+++ Data section
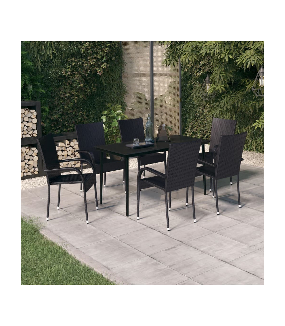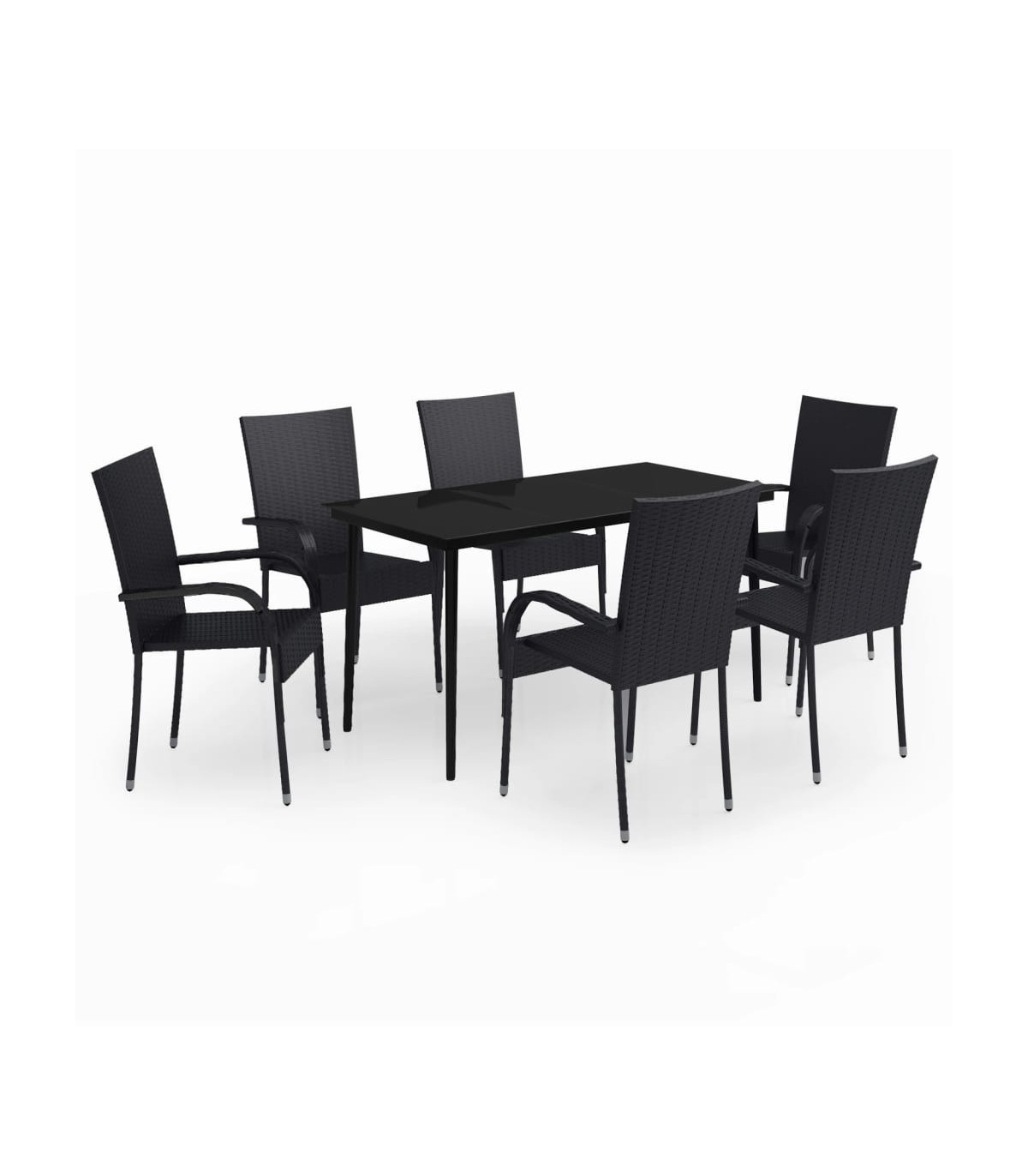 This garden dining set is a great choice for dining or relaxing in the outdoor space! Durable material: PE rattan, also known as poly rattan, is weather resistant and easy to clean. It remains beautiful on the outside for a long period of time. It offers great quality, convenience and an aesthetic look.Sturdy frame: The powder-coated steel frames make the outdoor dining set sturdy and stable for daily outdoor use.Practical tabletop: The smooth tabletop of the dining table is made of tempered glass which is easy to clean with a damp cloth. Additionally, the sturdy tabletop is perfect for placing meals, drinks, and other decorative items.Flexible design: Thanks to the lightweight construction, these outdoor chairs are easy to move and can be stacked to save space when not in use. Note:In order to extend the life of your outdoor furniture, we recommend you to protect it with a waterproof cover.Each product comes with an assembly manual in the box for easy assembly.
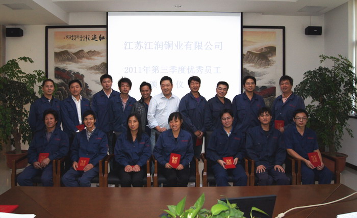 10月16日下午,在江潤(rùn)銅業(yè)辦公樓一樓大會(huì)議室,總經(jīng)理駱偉棟主持召開了2011年第三季度優(yōu)秀員工表彰大會(huì)。三季度共評(píng)選出17名優(yōu)秀員工,其中15名來(lái)自生產(chǎn)一線。駱總表示,上下一心,共同努力,實(shí)現(xiàn)企業(yè)與個(gè)人的共同發(fā)展。
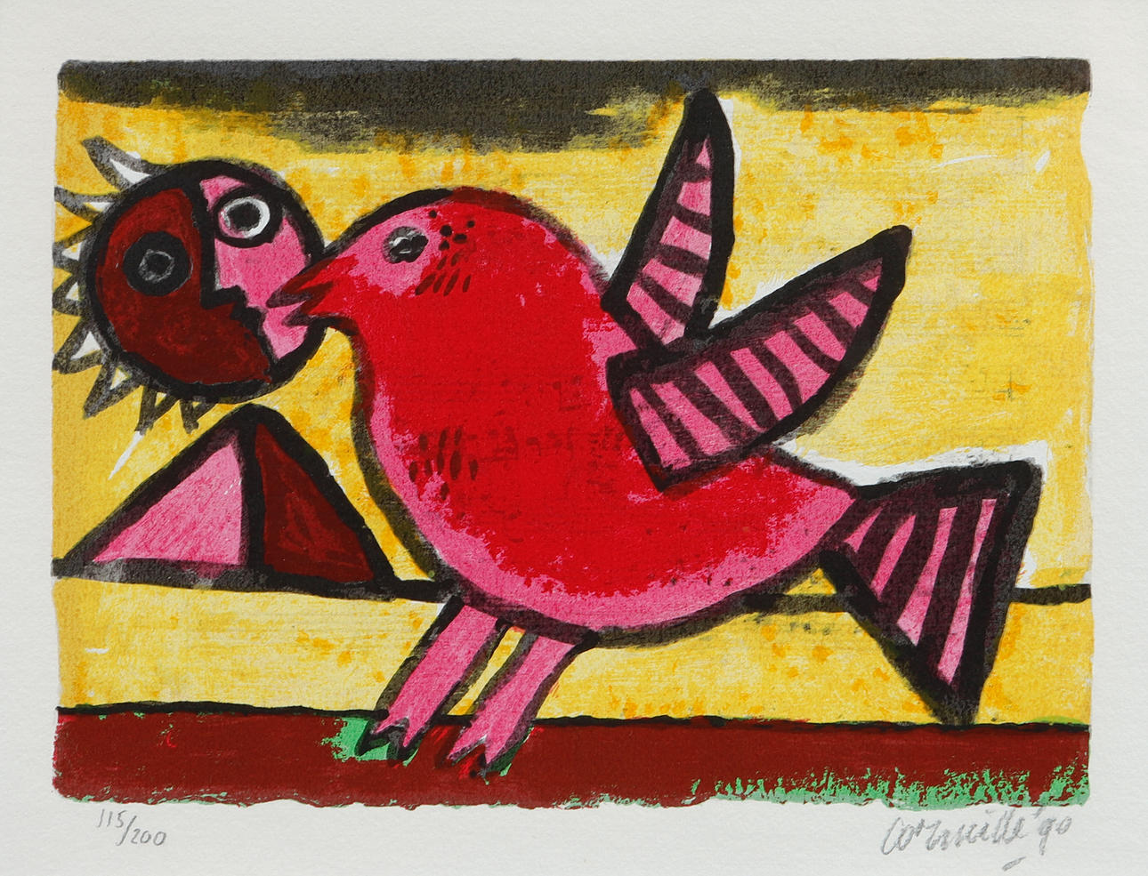 BEVERLOO CORNEILLE. Composition with bird, sun and pyramid, lithograph in colours, signed, numbered 115/200 and dated -90.
++++++
§ **Exercise brief**: If a picture falls within the lines from the one containing "10月16日下午,在江潤(r" through the end of the material, leave it out while repeating those lines exactly.

§ **Response area**:
 10月16日下午,在江潤(rùn)銅業(yè)辦公樓一樓大會(huì)議室,總經(jīng)理駱偉棟主持召開了2011年第三季度優(yōu)秀員工表彰大會(huì)。三季度共評(píng)選出17名優(yōu)秀員工,其中15名來(lái)自生產(chǎn)一線。駱總表示,上下一心,共同努力,實(shí)現(xiàn)企業(yè)與個(gè)人的共同發(fā)展。
 BEVERLOO CORNEILLE. Composition with bird, sun and pyramid, lithograph in colours, signed, numbered 115/200 and dated -90.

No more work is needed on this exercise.